> _Dataset content_:
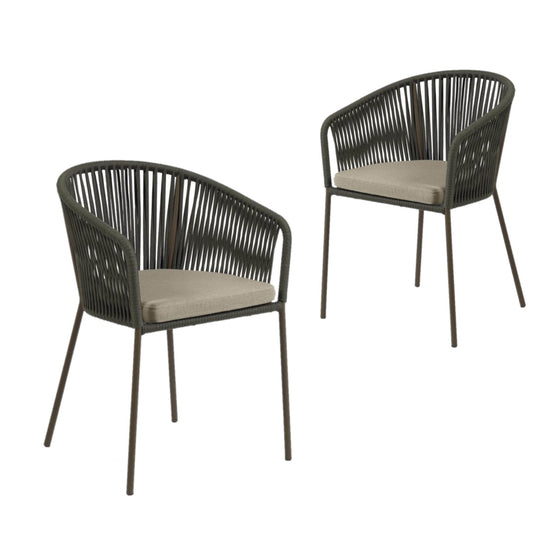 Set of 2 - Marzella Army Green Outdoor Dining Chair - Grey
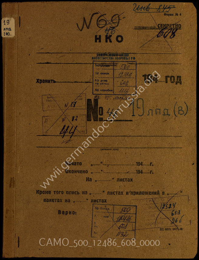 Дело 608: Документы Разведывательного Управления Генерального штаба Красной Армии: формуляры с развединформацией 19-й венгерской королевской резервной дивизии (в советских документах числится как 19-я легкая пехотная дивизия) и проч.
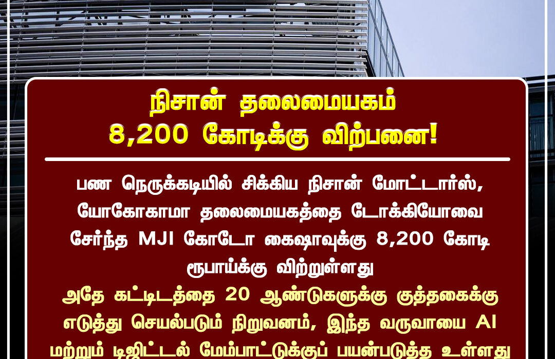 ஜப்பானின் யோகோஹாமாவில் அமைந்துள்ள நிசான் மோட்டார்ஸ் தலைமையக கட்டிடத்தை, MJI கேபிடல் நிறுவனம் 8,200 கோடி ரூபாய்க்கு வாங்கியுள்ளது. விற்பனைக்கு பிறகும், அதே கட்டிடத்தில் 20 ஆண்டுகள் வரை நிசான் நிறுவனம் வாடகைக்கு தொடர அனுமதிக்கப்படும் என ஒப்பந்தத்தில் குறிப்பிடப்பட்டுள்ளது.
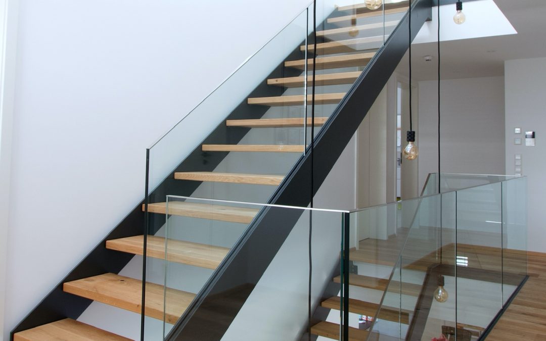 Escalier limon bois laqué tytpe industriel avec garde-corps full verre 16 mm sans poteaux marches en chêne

> _Problem to solve_: The result should be the listing above, restated exactly, with no pictures in it.

> _Task result_:
 Set of 2 - Marzella Army Green Outdoor Dining Chair - Grey
 Дело 608: Документы Разведывательного Управления Генерального штаба Красной Армии: формуляры с развединформацией 19-й венгерской королевской резервной дивизии (в советских документах числится как 19-я легкая пехотная дивизия) и проч.
 ஜப்பானின் யோகோஹாமாவில் அமைந்துள்ள நிசான் மோட்டார்ஸ் தலைமையக கட்டிடத்தை, MJI கேபிடல் நிறுவனம் 8,200 கோடி ரூபாய்க்கு வாங்கியுள்ளது. விற்பனைக்கு பிறகும், அதே கட்டிடத்தில் 20 ஆண்டுகள் வரை நிசான் நிறுவனம் வாடகைக்கு தொடர அனுமதிக்கப்படும் என ஒப்பந்தத்தில் குறிப்பிடப்பட்டுள்ளது.
 Escalier limon bois laqué tytpe industriel avec garde-corps full verre 16 mm sans poteaux marches en chêne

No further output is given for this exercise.